30 year ago this month, Margaret Atwood wrote the preface to a book by The Pollution Probe Foundation called The Canadian Green Consumer Guide.

I was on a pretty limited income at this time, but I bought the book, read it, and moved it with me to Montreal, back to PEI, on to Toronto, and now here it is back on PEI. I ditched a lot of books along the way, but this one survived.
In July 1989, I was a fully-fledged adult, newly graduated from Mount Allison University and on my way to the National Theatre School of Canada in Montreal. I was a heavy consumer of news via radio and newspapers, and always a bleeding heart leftie. I went on peace marches. I was vegetarian for a couple of years. I knew about the hole in the ozone layer and acid rain. I cared.

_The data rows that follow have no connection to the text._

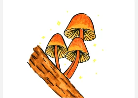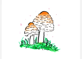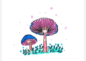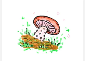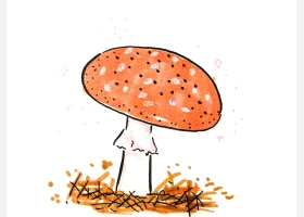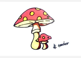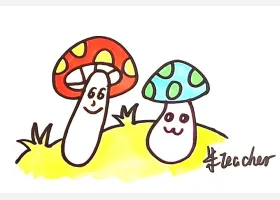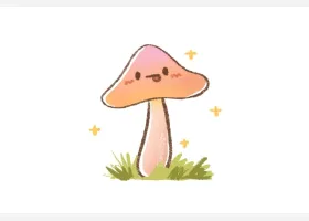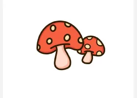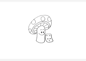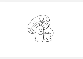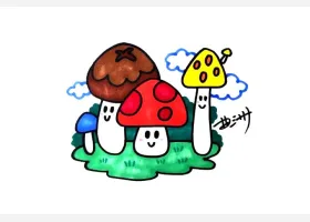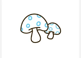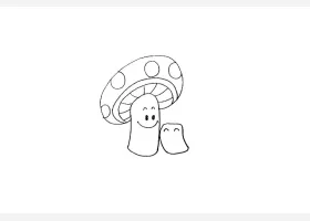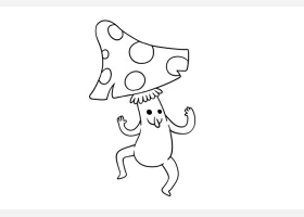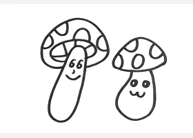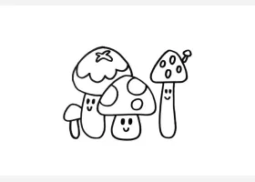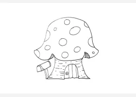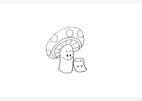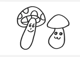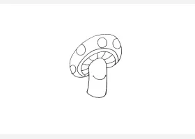 关于植物、蘑菇的简笔画,一朵卡通蘑菇简笔画步骤详解。
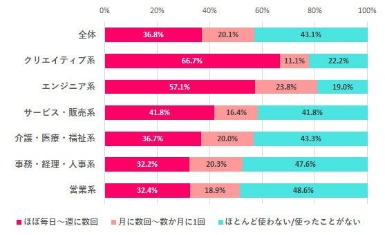 職種別で比較すると、クリエイティブ系は「ほぼ毎日~週に数回」が66.7%で、最も多い回答でした。また、「ほぼ毎日~週に数回」「月に数回~数か月に1回」と回答した人の合計は、1位エンジニア系80.9%、2位クリエイティブ系77.8%と、この2つの職種はおよそ8割の人が生成AIを日常的に使っていることがわかりました。
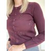 Bordový dámsky pulóver s dlhými rukávmi, gombíkmi a zdobený kvetinovým motívom. Ma okrúhly výstrih a je vyrobený z pleteného materiálu a pôsobí elegantne a vkusne.
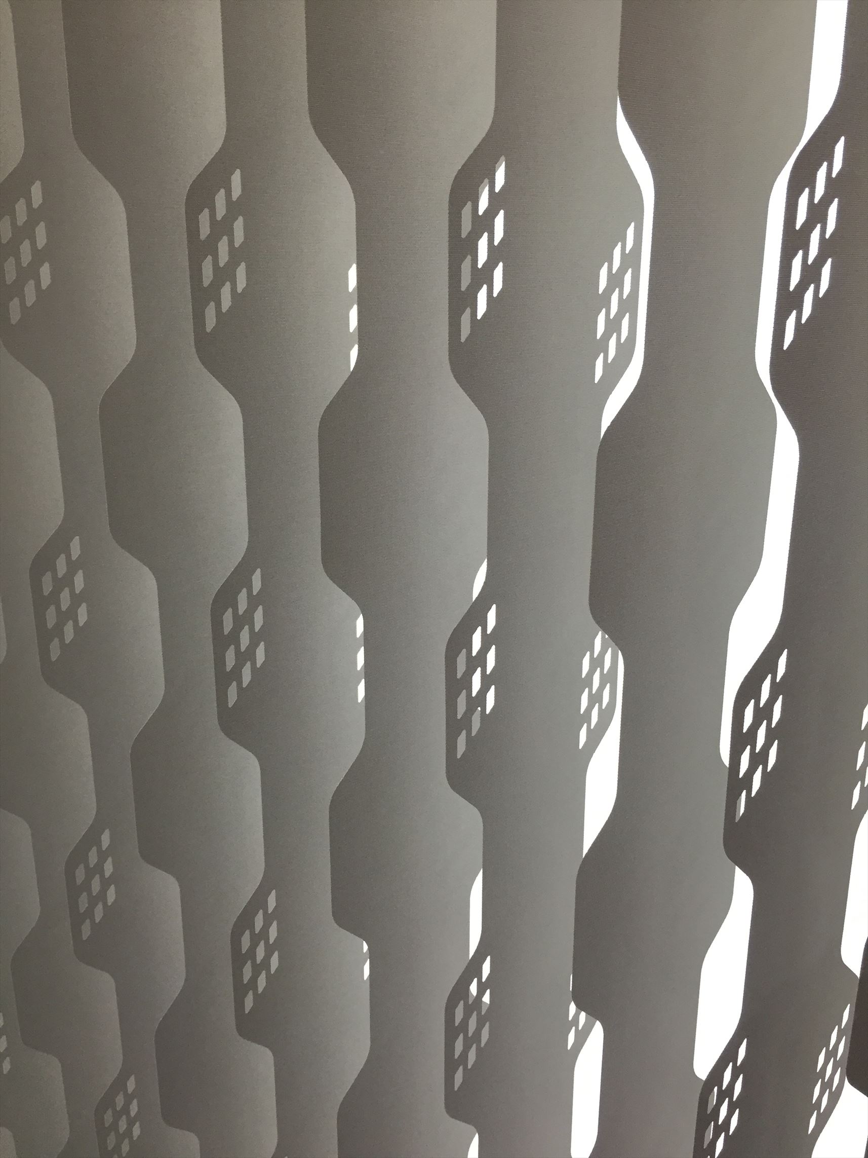 バーチカルのスラットはまっすぐでなく波型などの「デュアルシェイプ」タイプで、これにレーザーカットを施したものです。

Now I reread what Atwood wrote and it is like I had never read it before. “The danger we’re in is enormous: if we don’t do something about it, its results could be as devastating as those of a world-wide nuclear catastrophe.” What did I think when I read this? Why didn’t it shake me into action back then?
It actually took Greta Thunberg’s TED talk last fall to wake me up from my 30-year nap. She is right to wonder why we didn’t tackle climate change decades ago when we were told about it. When you know better, you do better, but I knew and I didn’t, and I can’t really explain why.
Now I’m looking at everything differently and trying to make up for lost time. I hope you’ll join me.